Hierarchical clustering in improving microblog stream summarization

  • Authors:
  • Andrei Olariu

  • Affiliations:
  • Faculty of Mathematics and Computer Science, University of Bucharest, Bucharest, Romania

  • Venue:
  • CICLing'13 Proceedings of the 14th international conference on Computational Linguistics and Intelligent Text Processing - Volume 2
  • Year:
  • 2013

Quantified Score

Hi-index 0.00

Visualization

Abstract

Microblogging has shown a massive increase in use over the past couple of years. According to recent statistics, Twitter (the most popular microblogging platform) has over 500 million posts per day. In order to help users manage this information overload or to assess the full information potential of microblogging streams, a few summarization algorithms have been proposed.
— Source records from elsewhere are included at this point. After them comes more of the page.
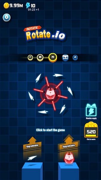 2、点击屏幕即可开始游戏,玩法很简单,玩家将控制一个旋转的陀螺,利用旁边锋利的刀片去击杀敌人;
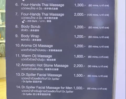【注意点11】马杀鸡的小费,通用标准是,做1小时的50泰铢,2小时的给100泰铢,结束时候直接给技师即可。通常接待前台都是可以换零钱的,他们也会知道你要换钱干啥。这个要准备好~ 展开
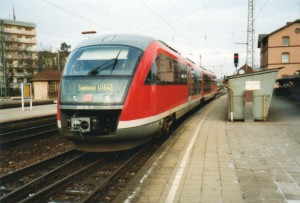 642 114 am bereits sanierten Bahnsteig in Hilpoltstein im Dezember 2001. Die Strecke Roth - Hilpoltstein - Thalmässing - Greding wurde am 01.06.1888 in Betrieb genommen. Der Personenverkehr wurde auf dem Abschnitt Thalmässing - Greding am 28.05.1972 und auf dem Abschnitt Hilpoltstein - Thalmässing am 29.09.1974 eingestellt. Bis Ende September 1998 verkehrte auf dem Abschnitt Hilpoltstein - Thalmässing noch eine Museumsbahn, doch nachdem zum 31.12.1997 auch der Güterverkehr auf diesem Abschnitt eingestellt worden ist, musste auch die Museumsbahn ihren Betrieb dort einstellen. Anschließend wurden die Gleise abgebaut und der Bahnhof Hilpoltstein zum Haltepunkt zurück gebaut. Dabei wurde auch der Bahnsteig saniert und so umgebaut, dass die Anschlussbusse bis an den Bahnsteig ranfahren können, so dass jetzt direkt zwischen Bus und Bahn umgestiegen werden kann. |
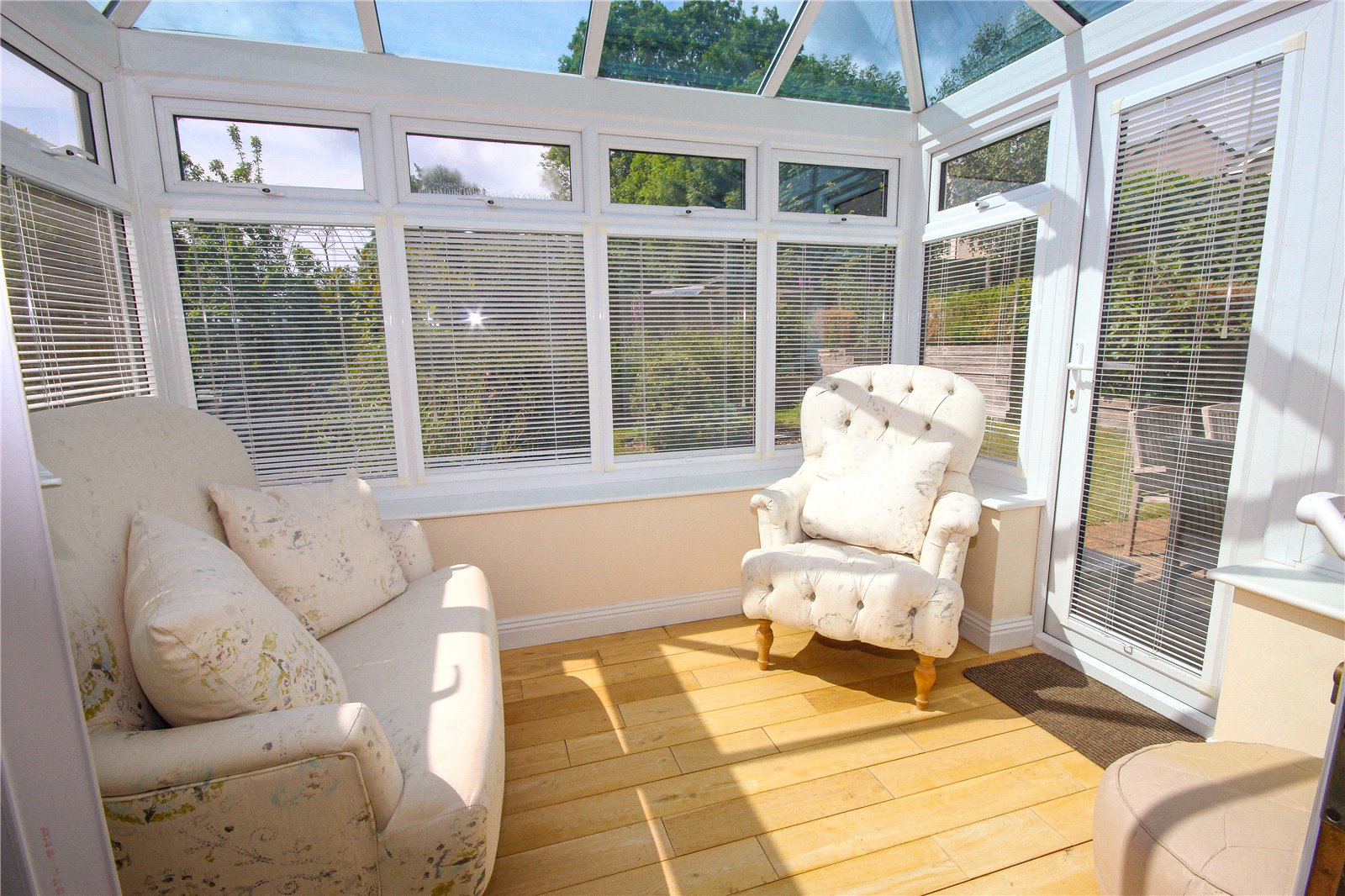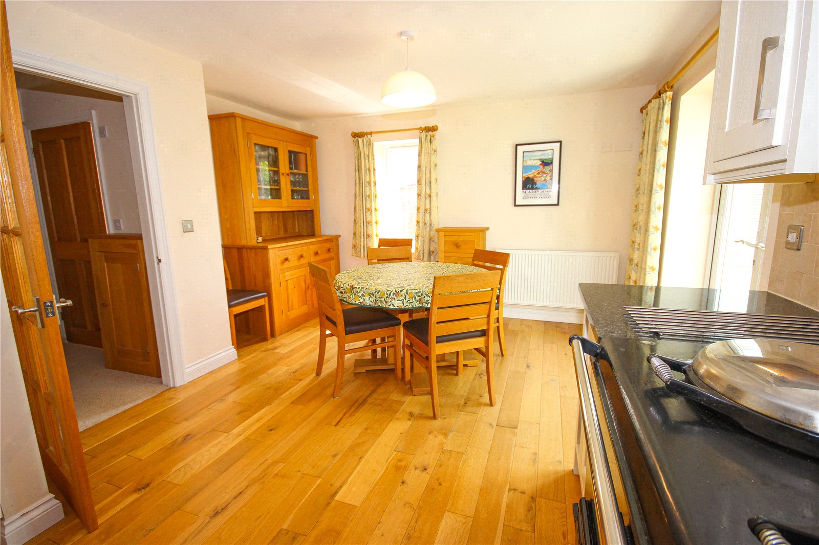 A door to the left opens to a good-sized triple aspect living room with wood burner set on a slate hearth and bay window to front and windows to both sides. From the entrance hall, two separate doors give access to the open plan kitchen/dining room. This sizeable through room comprises a kitchen area to one end and a dining area with ample room for table and chairs at the other end. The kitchen is comprehensively fitted with a matching range of cream, base and wall units with granite worktops, sink, double oven Aga with twin hot plates, integrated fridge freezer, built-in electric oven with gas hob and extractor above and an integrated dishwasher. Wooden flooring flows through the entire room and into the conservatory which is accessed via
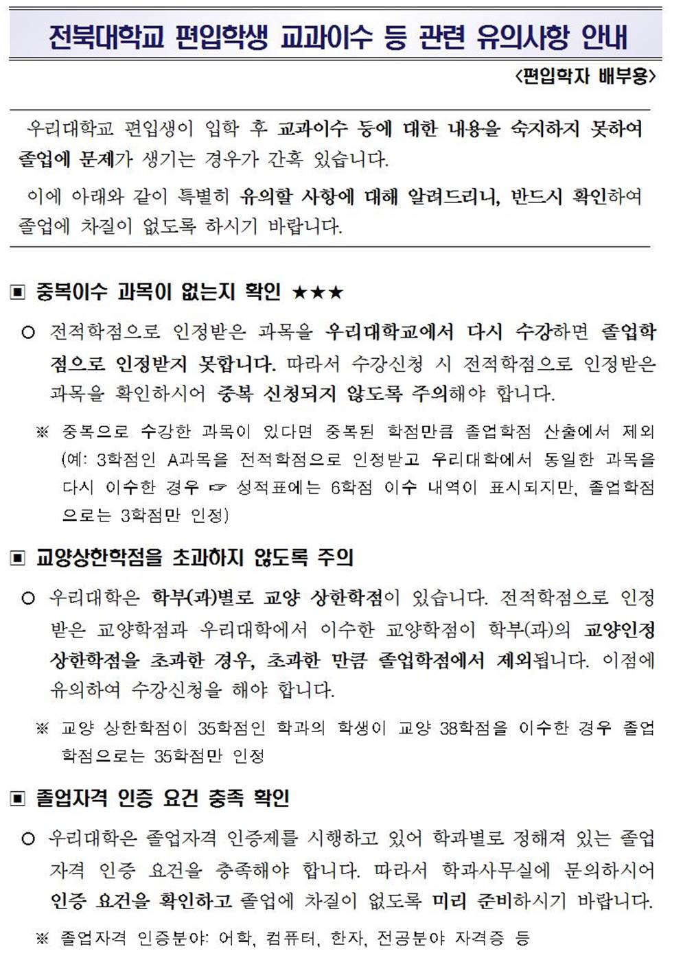 [학사관리과]전북대학교 편입생 교과이수 등 관련 유의사항 안내

However, they are designed to work on a stream of posts filtered on a particular keyword, whereas most streams suffer from noise or have posts referring to more than one topic. Because of this, the generated summary is incomplete and even meaningless. We approach the problem of summarizing a stream and propose adding a layer of text clustering before the summarizing step. We first identify the events users are talking about in the stream, we group posts by event and then we continue by clustering each group hierarchically. We show how, by generating an agglomerative hierarchical cluster tree based on the posts and applying a summarization algorithm, the quality of the summary improves.